== PROVIDED MATERIAL ==

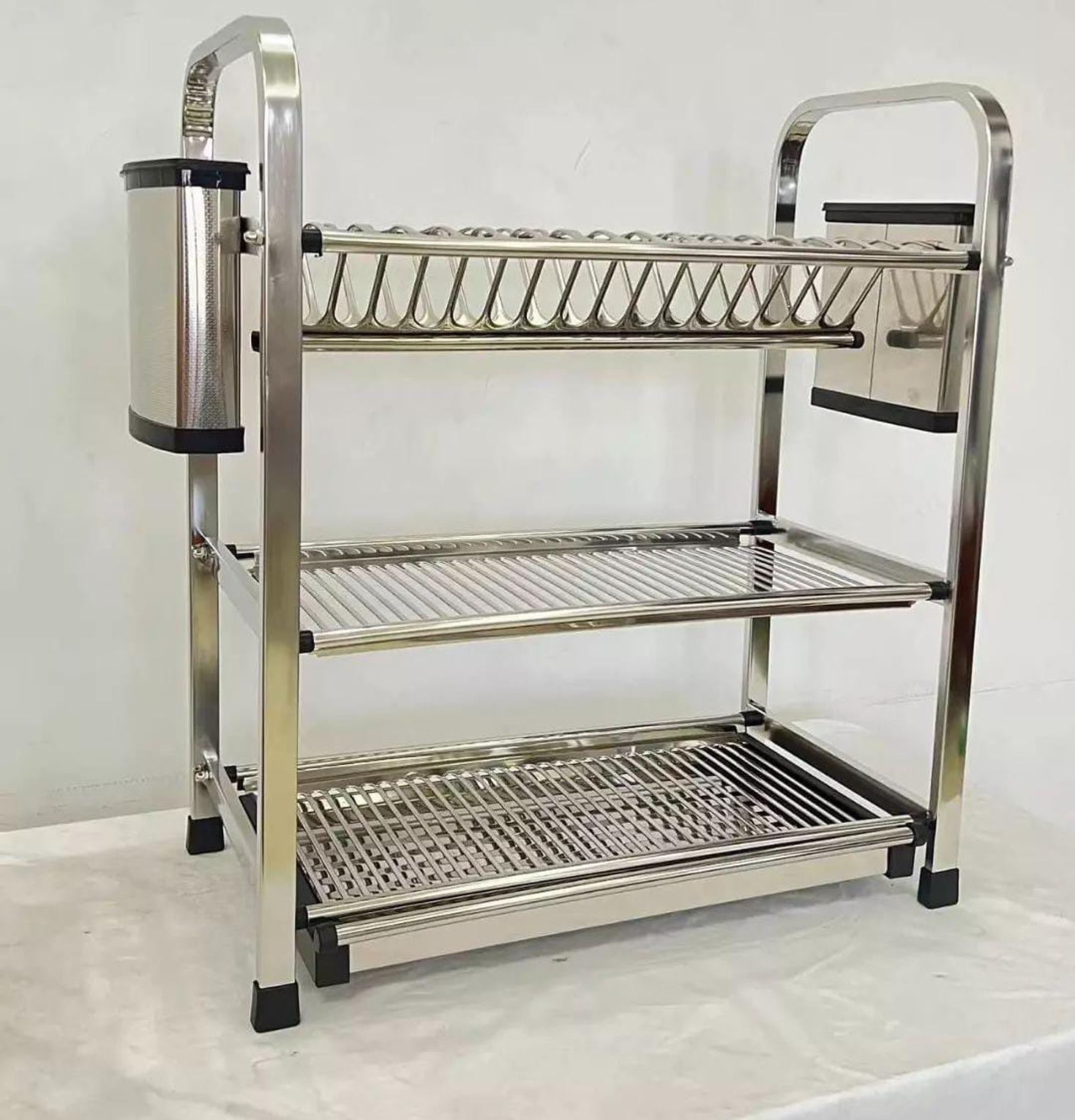 Our heavy-duty 3-tier dish rack is the ultimate solution for efficient kitchen organization, offering ample space to dry and store dishes, utensils, and cookware. Built with sturdy, rust-resistant materials, this rack provides lasting durability and stability, even with daily use. The three spacious tiers allow you to neatly separate different types of items, with designated sections for plates, bowls, glasses, and cutlery. Its compact, vertical design is ideal for saving counter space while keeping everything within easy reach. Perfect for busy kitchens, this dish rack combines practicality and resilience, making it a must-have for maintaining an organized, clutter-free space.
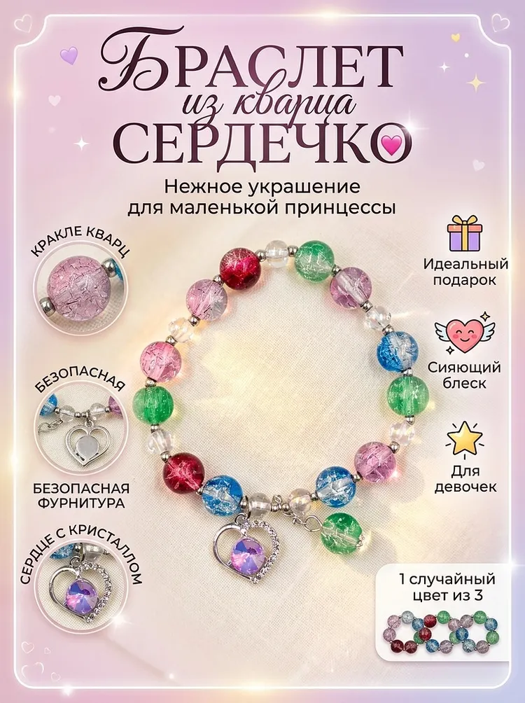 БРАСЛЕТ ИЗ КВАРЦА" СЕРДЦЕ"
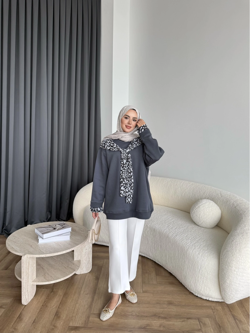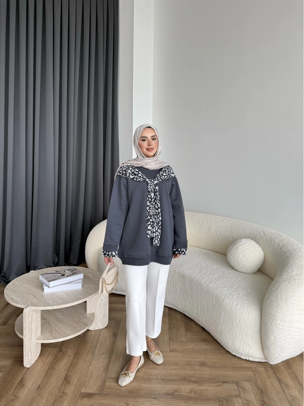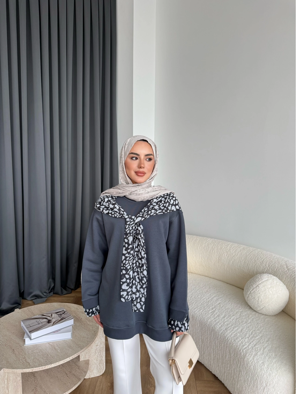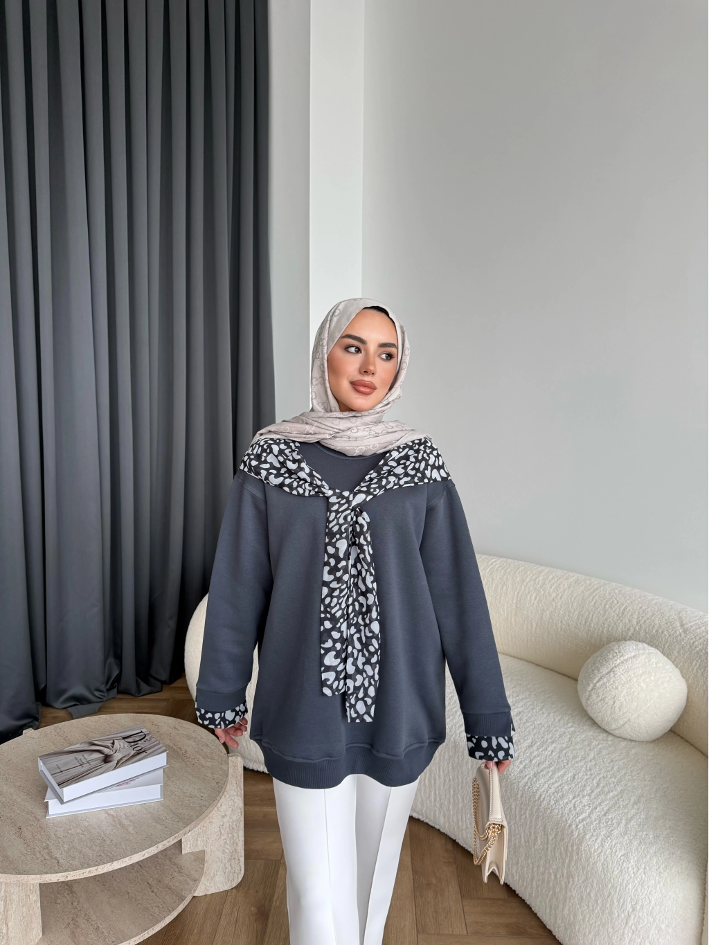 Leopar Fularlı Sweat - Antrasit
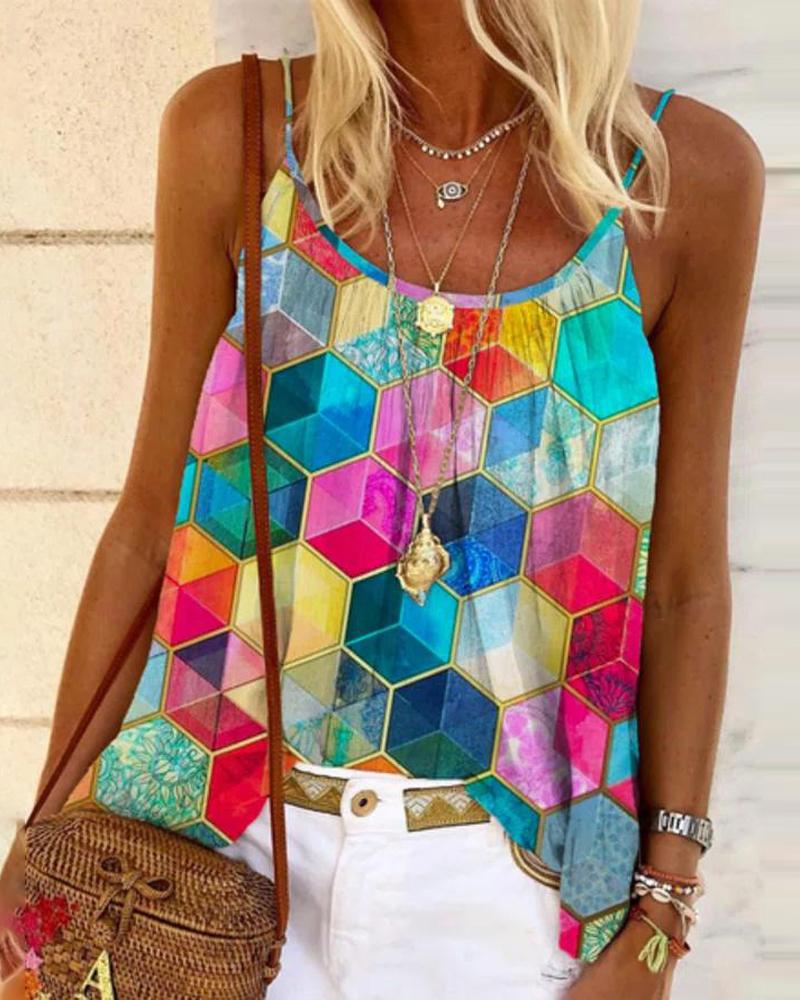 Style:Basics,Casual Type:Cami Material:Polyester Neckline:Scoop Neck Sleeve Style:Spaghetti Strap Length:Regular Pattern Type:Geometric Decoration:Ruched Fit Type:Regular Occasion:Daily,Vacation Package Include:1*Top

===

▸ **TASK TO COMPLETE**
What is needed is a word-for-word copy of the data, minus its pictures.

▸ **EXPECTED ANSWER**
 Our heavy-duty 3-tier dish rack is the ultimate solution for efficient kitchen organization, offering ample space to dry and store dishes, utensils, and cookware. Built with sturdy, rust-resistant materials, this rack provides lasting durability and stability, even with daily use. The three spacious tiers allow you to neatly separate different types of items, with designated sections for plates, bowls, glasses, and cutlery. Its compact, vertical design is ideal for saving counter space while keeping everything within easy reach. Perfect for busy kitchens, this dish rack combines practicality and resilience, making it a must-have for maintaining an organized, clutter-free space.
 БРАСЛЕТ ИЗ КВАРЦА" СЕРДЦЕ"
 Leopar Fularlı Sweat - Antrasit
 Style:Basics,Casual Type:Cami Material:Polyester Neckline:Scoop Neck Sleeve Style:Spaghetti Strap Length:Regular Pattern Type:Geometric Decoration:Ruched Fit Type:Regular Occasion:Daily,Vacation Package Include:1*Top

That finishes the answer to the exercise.